Post edited at 19:25
 Andypeak 05 May 2015
In reply to JJL:

> You got evidence to back that up?

When I first started climbing and didn't know any better (plus was really skint) I foolishly bought some of their products. 4 out of 5 were visibly faulty (splayed and damaged wires) and were clearly dangerous. They got returned under the "money back guarantee" but I never got any money back. before anyone says anything I'll be the first to admit I was stupid to buy them.
 JJL 05 May 2015
In reply to Timmd:

We're talking about wires.
 Timmd 05 May 2015
In reply to JJL:
If it's all made by the same company, the quality control or lack of it is relevant whatever the gear is.

Post edited at 21:18
 JJL 05 May 2015
In reply to andy.smythe:

That does sound bad. How long ago? I'm thinking of the timing vs the Mountainproject review
 JJL 05 May 2015
In reply to Timmd:

Perhaps, but not for sure. A design fault might QC fine.

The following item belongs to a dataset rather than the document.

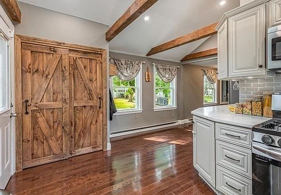 Magnificently transformed Cape into a luxurious retreat, situated perfectly in coveted South Weymouth. Roland Rd. is closed off to traffic, and abuts beautiful nature close by; Weymouth Great Pond. The grounds boast a private deck, complimented by a fenced in yard. Only minutes to Whole Foods, Starbucks, and everything Weymouth has to offer. Stepping inside is grand, barn door coat closet all amongst beautifully exposed beams, a cathedral ceiling, and recessed lighting. Beautiful brand new first floor master bed and luxury bath. The kitchen has been impeccably designed, new cabinetry, appliances, and Quartz counters. Off the kitchen, an elegant dining room perfectly accented by it's lighting. No expenses were spared with the living room, it's expansive cathedral ceilings complimented by numerous built ins (wired for sound), loft storage space, and a palladian window complete with a picturesque window seat. Schedule your appointment this Monday (11th) between 2-6.

Anyway, I don't own any of this stuff. I'm still climbing on my dad's kit from 1950
 Timmd 05 May 2015
In reply to JJL:

You want a company to dot every i and cross every t, if some things aren't good enough it can make you wonder about the rest.
 Andypeak 05 May 2015
In reply to JJL:

Would have been about 4 or 5 years ago. I would have thought that if the stuff was being sent out for a review they would have checked to make sure it was ok.